The third well of the Kakwa program, located at 2-30-64-4W6 (the "2-30 well") has been drilled and is currently awaiting completion. Completion of this well is scheduled for late November, 2010. The 2-30 well was drilled to a bottom hole location immediately north of ProspEx's 15-19-64-4W6 well (the "15-19 well"), which has produced for nine months with an average gross raw gas rate of 5.9 mmcf per day over the nine month period. ProspEx has a 30% working interest in the 2-30 well.
ProspEx currently has one additional Kakwa horizontal well scheduled to commence drilling prior to year end 2010. This well is intended to confirm the extension of the Falher trend to the south of the Company's existing wells. ProspEx has an inventory of 21 (10.5 net) undrilled horizontal well locations in Kakwa.
Production
Production (boe/d) | Q3 2010 | Q2 2010 | Q1 2010 | Q4 2009 | Q3 2009 |
West Central Alberta | 930 | 925 | 1,030 | 1,280 | 1,289 |
Deep Basin | 1,737 | 2,129 | 1,953 | 1,183 | 675 |
Other Areas | 18 | 32 | 11 | 14 | 14 |
Total | 2,685 | 3,086 | 2,994 | 2,477 | 1,978 |
Third quarter 2010 production averaged 2,685 boe per day. Production increased by 36% compared to the third quarter of 2009, but declined modestly compared to the second quarter of 2010, as no material new production was brought on stream during the quarter. However, with the new Kakwa 13-8 well coming on stream recently, current production is now estimated to be 3,400 boe per day. ProspEx has incremental production from the Pembina horizontal well discussed above, and incremental production from both the Kakwa 13-16 and 2-30 wells still to come on stream. In addition, approximately 500 boe per day of production from previously drilled Kakwa wells has been temporarily curtailed due to the high initial production rates from the 13-8 well. This curtailed production is expected to resume as the initial production rates from the 13-8 well subside.

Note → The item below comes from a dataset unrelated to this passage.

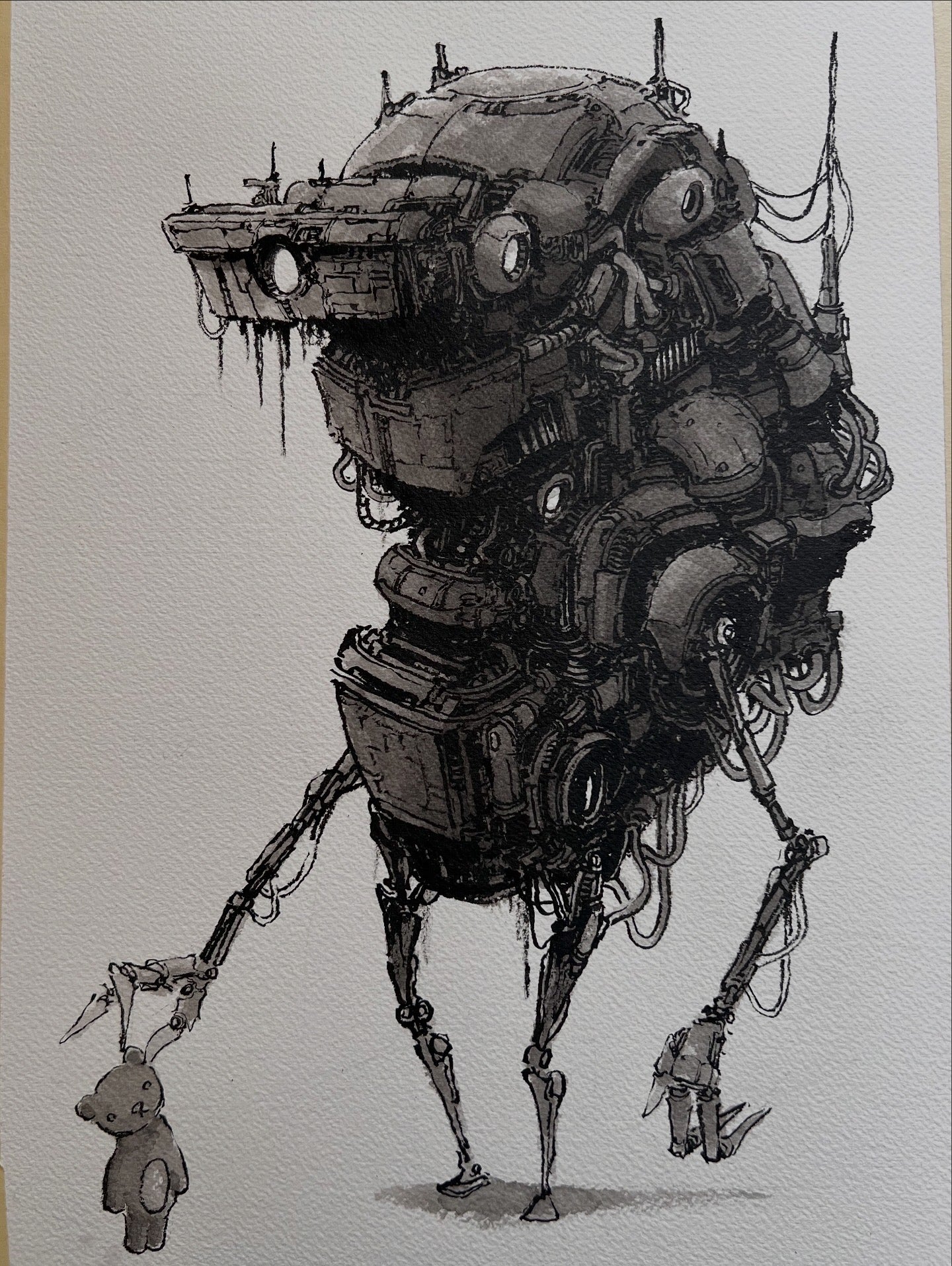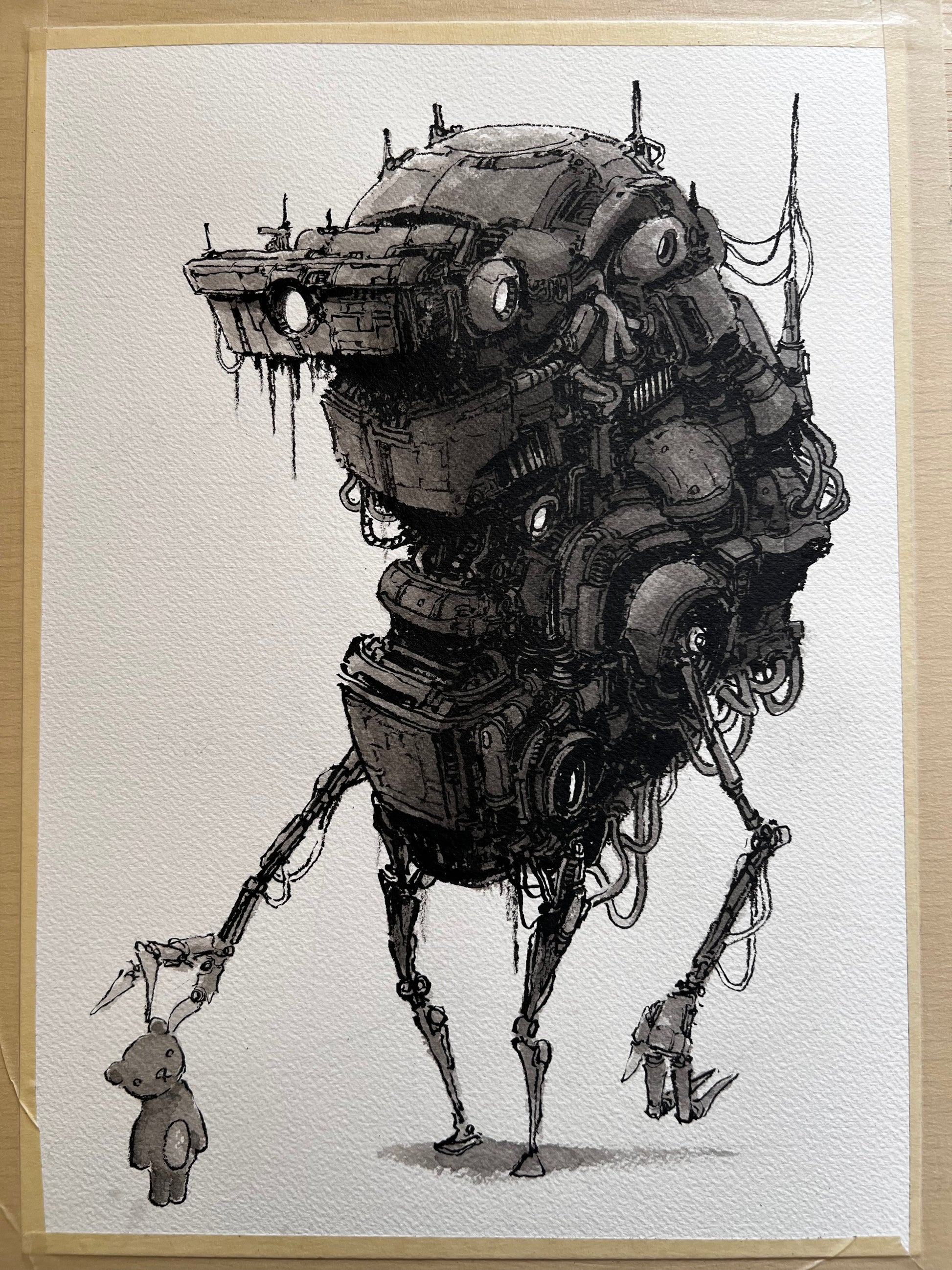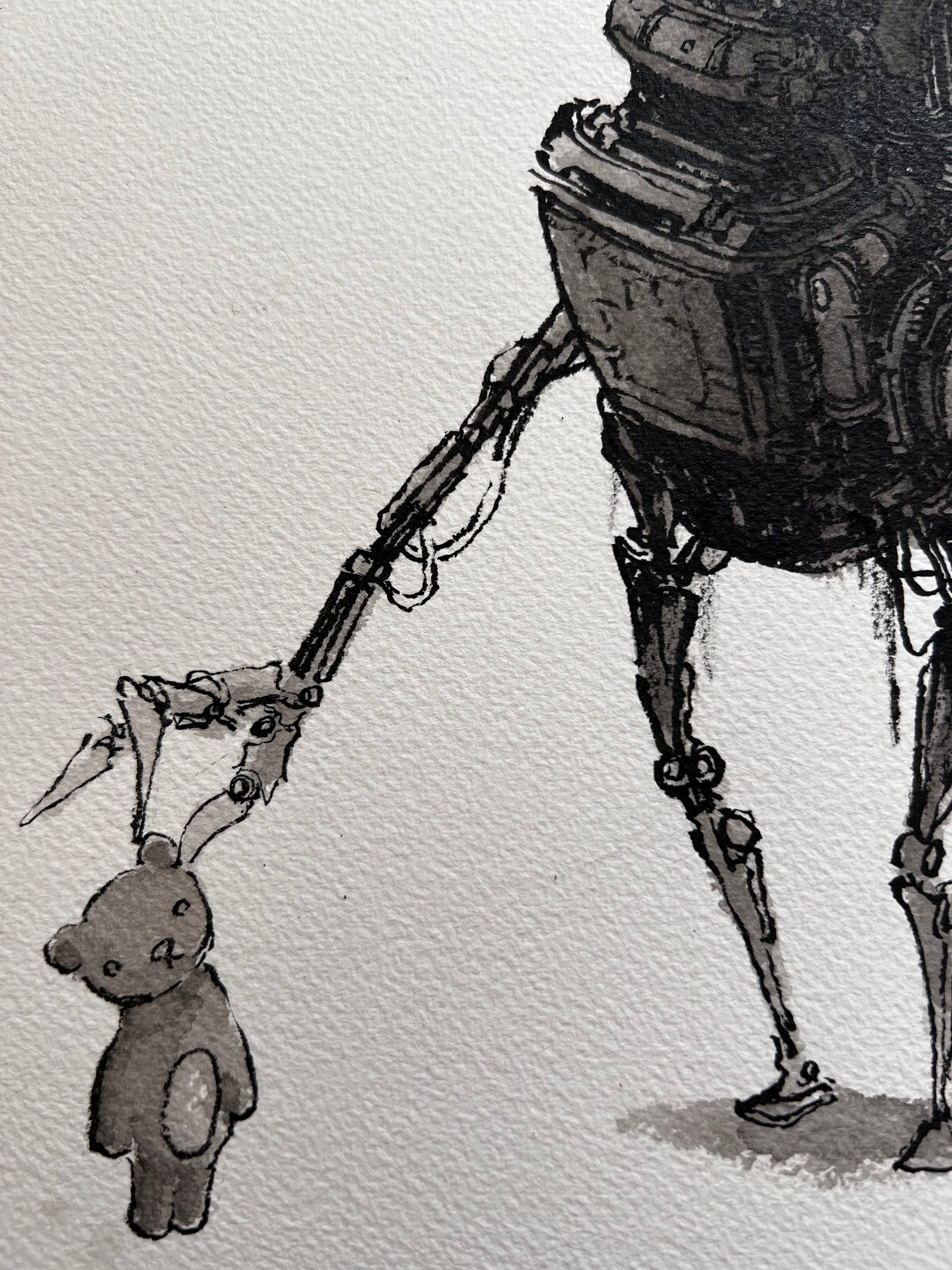 Her name is Luna. She's a TAB Model. They are lifters. You see a lot of them lifting things. They rummage around exo planets and offworld settlements, usually lifting things. They work in factories or large storage units. This one in particular, fell in love with rocks. She felt the need to escape her day job, and started picking up organic materials. She fell for the gritty textures and asymmetry. She got tired of boxes. She’s a cool gal.

In light of lower natural gas prices, the Company elected not to spend additional capital to maintain the pace of its capital spending program in the face of wet weather conditions. Accordingly, ProspEx now expects annual average production to be approximately 3,000 boe per day, down from the previous forecast of 3,100 to 3,300 boe per day. However, the Company believes that it is on track to meet its previously issued 4,000 boe per day production guidance for late December.
Guidance regarding production may constitute a "financial outlook" as contemplated by National Instrument 51-102 of the Canadian Securities Administrators entitled Disclosure Obligations. The purpose of such guidance is to forecast the anticipated production for the Company as at the end of December 2010 and for the full year 2010 and such information may not be appropriate for other purposes.
ProspEx has three horizontal wells in Kakwa with longer term production histories. The Company's first horizontal well (the "2-33 well") has been on stream for 12 months, and has produced an estimated 1.9 billion cubic feet ("bcf") of raw gas over this time period, equivalent to a production rate of 5.1 mmcf per day. ProspEx's second well, the 15-19 well has produced for nine months and has a production profile similar to the 2-33 well, with an average raw gas rate of 5.9 mmcf per day over the nine month period. The third well (the "1-6 well") has produced at an average rate of 2.7 mmcf per day over an eight month period.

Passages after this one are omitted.